Basically i've been using CCleaner for over a year, but i've always wondered what the "best" setting is. In other words what should be checked and what shouldnt be? I dont want to screw up my computer or anyone elses because i checked something i shouldnt have.


----------



## Byteman (Jan 24, 2002)

I would advise you or anyone, to NOT use the Regsitry tool in CCleaner, because it is well known here as in other forums, that it can remove things you actually need to keep....though it might reduce a bit of clutter or unused entries in the Registry, your computer does not benefit much from doing that...and, in the process cleaner utilities can remove too much and mess up things for you.

((If this ever happens to you, there are Backups CCleaner makes, that you can restore....if you can boot up the computer and get into Windows, that is.....))

So, when are looking at the checkboxes in your CCleaner program, first thing to do is UNcheckmark the entire *Registry* section.... that is my advice.
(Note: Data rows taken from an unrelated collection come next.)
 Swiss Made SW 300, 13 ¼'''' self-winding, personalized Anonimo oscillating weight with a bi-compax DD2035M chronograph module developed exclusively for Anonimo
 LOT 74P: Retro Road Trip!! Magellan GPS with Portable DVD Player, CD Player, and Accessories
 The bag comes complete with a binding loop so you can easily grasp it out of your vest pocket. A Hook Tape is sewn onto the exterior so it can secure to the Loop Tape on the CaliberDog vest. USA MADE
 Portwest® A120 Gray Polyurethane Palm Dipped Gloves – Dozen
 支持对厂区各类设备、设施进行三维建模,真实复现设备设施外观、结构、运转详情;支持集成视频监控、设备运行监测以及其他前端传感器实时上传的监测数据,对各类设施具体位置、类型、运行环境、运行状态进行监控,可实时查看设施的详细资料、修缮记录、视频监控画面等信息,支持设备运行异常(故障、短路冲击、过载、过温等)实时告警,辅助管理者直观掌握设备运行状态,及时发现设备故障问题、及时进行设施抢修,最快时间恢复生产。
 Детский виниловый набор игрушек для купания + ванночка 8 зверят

Here's the CCleaner tour> *http://www.ccleaner.com/help/tour*

I would leave all checked in the *Cleaner* section.....

The others, Tools, > is to Uninstall and work with your Startups, pretty much self-explanatory.
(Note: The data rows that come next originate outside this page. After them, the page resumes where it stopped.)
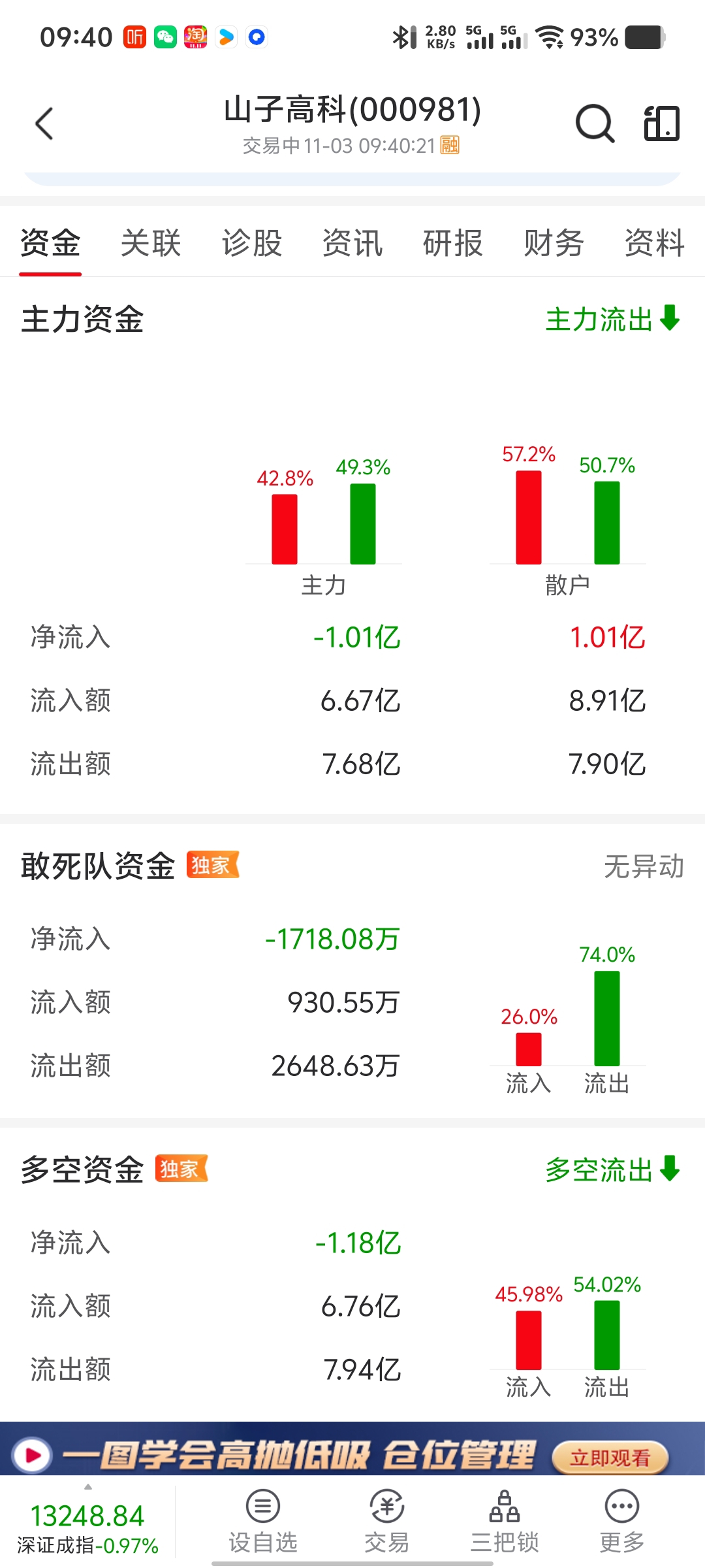 $山子高科(SZ000981)$ 每个人都在秒底 主力大手出货下午全是散户了
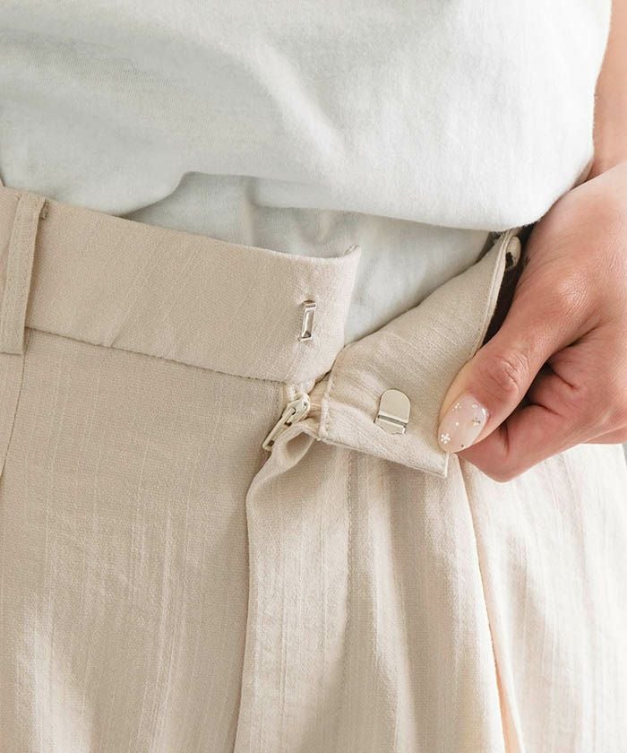 フロントに施されたタックが立体感を出し、動きに合わせて優雅に揺れるシルエットが魅力。
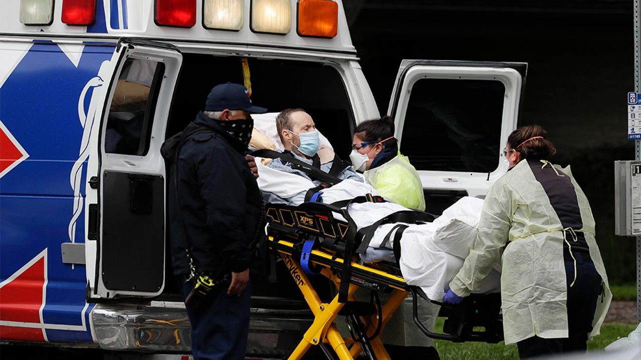 A patient is evacuated from the Magnolia Rehabilitation and Nursing Center in Riverside, Calif., Wednesday, April 8, 2020. (AP Photo/Chris Carlson)
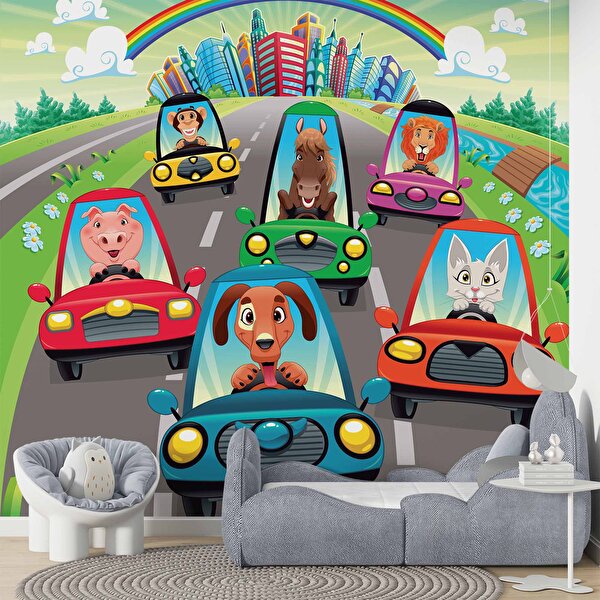 Duvarkagidibaski Araba Yarışları Çocuk Odası Duvar Kağıdı Baskı - Dkm399005 225x200 cm

Most of the other checkboxes in the various options are self-explanatory,,,,, whether you want CCleaner shortcuts, if you want to run a cleanup when the computer starts...etc

I would set this setting>>> *] Only delete files in Windows Temp folders older than 48 hours
*

And, here I just found this Guide for CC>>>>> *http://reclaimyourgame.com/index.php?option=com_content&view=article&id=254&Itemid=95*


----------



## chaossyn (Nov 29, 2009)

thank you for your very detailed response. I'll be adjusting my CCleaner settings now.


----------